Stored dataset items
********************

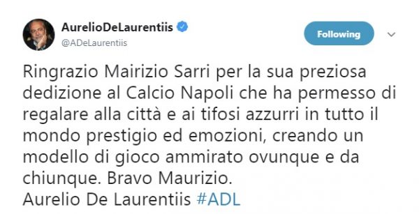 “Ringrazio Mairizio Sarri per la sua preziosa dedizione al Calcio Napoli che ha permesso di regalare alla città e ai tifosi azzurri in tutto il mondo prestigio ed emozioni, creando un modello di gioco ammirato ovunque e da chiunque. Bravo Maurizio.
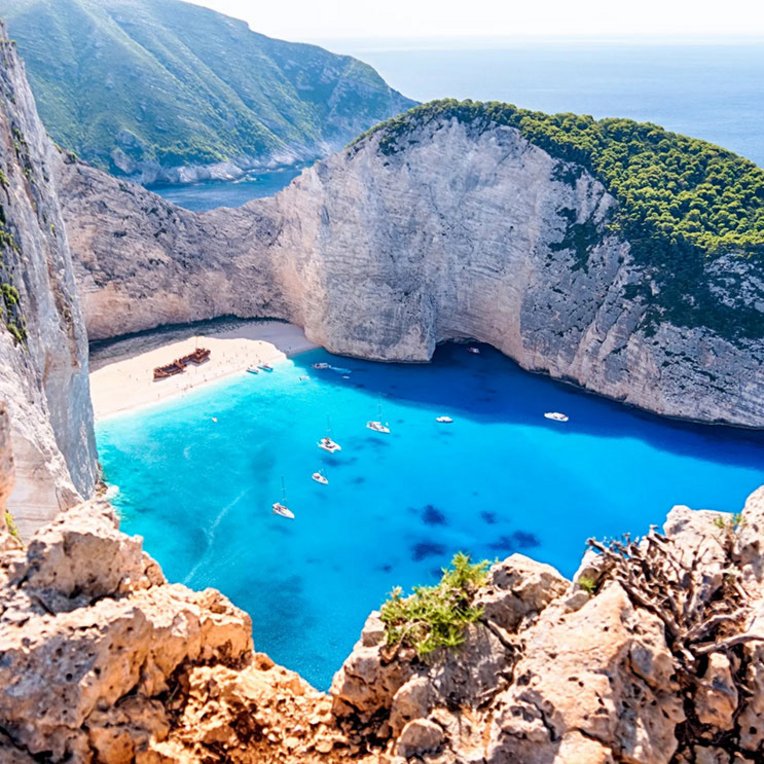 Shipwreck Coast: Auf zur Navagio-Bucht mit dem berühmten, alten Schiffswrack. Der Strand ist ein Traum: bizarre Felsformationen, feinster Sand, kristallklares Wasser.
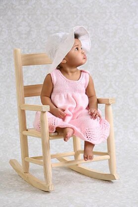 This beautiful sleeveless dress is just perfect for a little girl. The bottom edge of the dress is decorated with a Feather and Fan pattern which is perfect for a new lace knitter. The shoulders are joined with beautiful buttons for easy dressing.
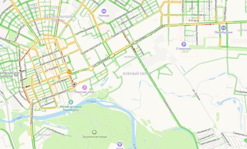 На дорогах Оренбурга вечером 25 октября — традиционные пятничные пробки. Стоят исторический центр и основные магистрали. В центральной части Оренбурга серьезный затор около автомобильного моста через Урал на улице Чичерина. Из-за ДТП стоит улица 8 Марта. Пробки вечером наблюдаются на улицах Терешковой и Березке, Шевченко и Авторемонтной. Затруднен проезд по Проспекту Победы и улице Салмышской. Загородное шоссе стоит в районе кольца из-за ДТП и большого потока автомобилей. Ближе к 23 микрорайону — свободно. Также относительно легко можно проехать и по Нежинскому шоссе. Ранее сегодня на нерегулируемом перекрестке в центре Оренбурга снова случилось ДТП. Так, днем 25 октября на улице Кирова столкнулись «Лада» и иномарка. ДТП произошло на пересечении с улицей 9 Января. Транспортные средства получили механические повреждения.
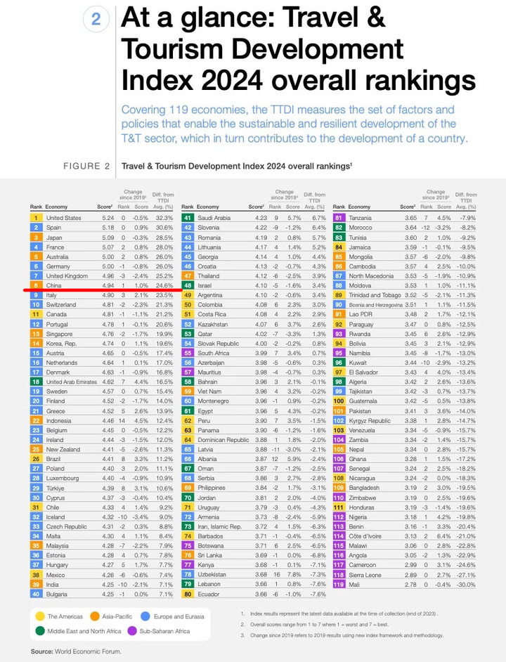 《2024年旅游业发展指数》显示:中国成为唯一一个进入促进旅游业发展前10名的发展中国家
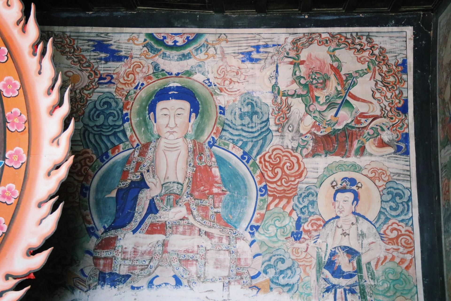 殿内四壁的清代壁画看似寻常,却隐藏着民间画工的智慧。在"善财童子五十三参"的题材中,出现了身着明代服饰的人物形象,这种"以今度古"的创作手法,恰是宗教艺术世俗化的生动体现。而北壁的"药师经变"中,描绘的市井生活场景里,货郎担上的拨浪鼓、酒肆前的招子,都成为研究金元时期社会风貌的珍贵图像资料。

********************

Task statement>
The response must match the data line for line, from its first line through the line with "This beautiful sleeveless", inclusive, and must leave out the pictures.

Output>
 “Ringrazio Mairizio Sarri per la sua preziosa dedizione al Calcio Napoli che ha permesso di regalare alla città e ai tifosi azzurri in tutto il mondo prestigio ed emozioni, creando un modello di gioco ammirato ovunque e da chiunque. Bravo Maurizio.
 Shipwreck Coast: Auf zur Navagio-Bucht mit dem berühmten, alten Schiffswrack. Der Strand ist ein Traum: bizarre Felsformationen, feinster Sand, kristallklares Wasser.
 This beautiful sleeveless dress is just perfect for a little girl. The bottom edge of the dress is decorated with a Feather and Fan pattern which is perfect for a new lace knitter. The shoulders are joined with beautiful buttons for easy dressing.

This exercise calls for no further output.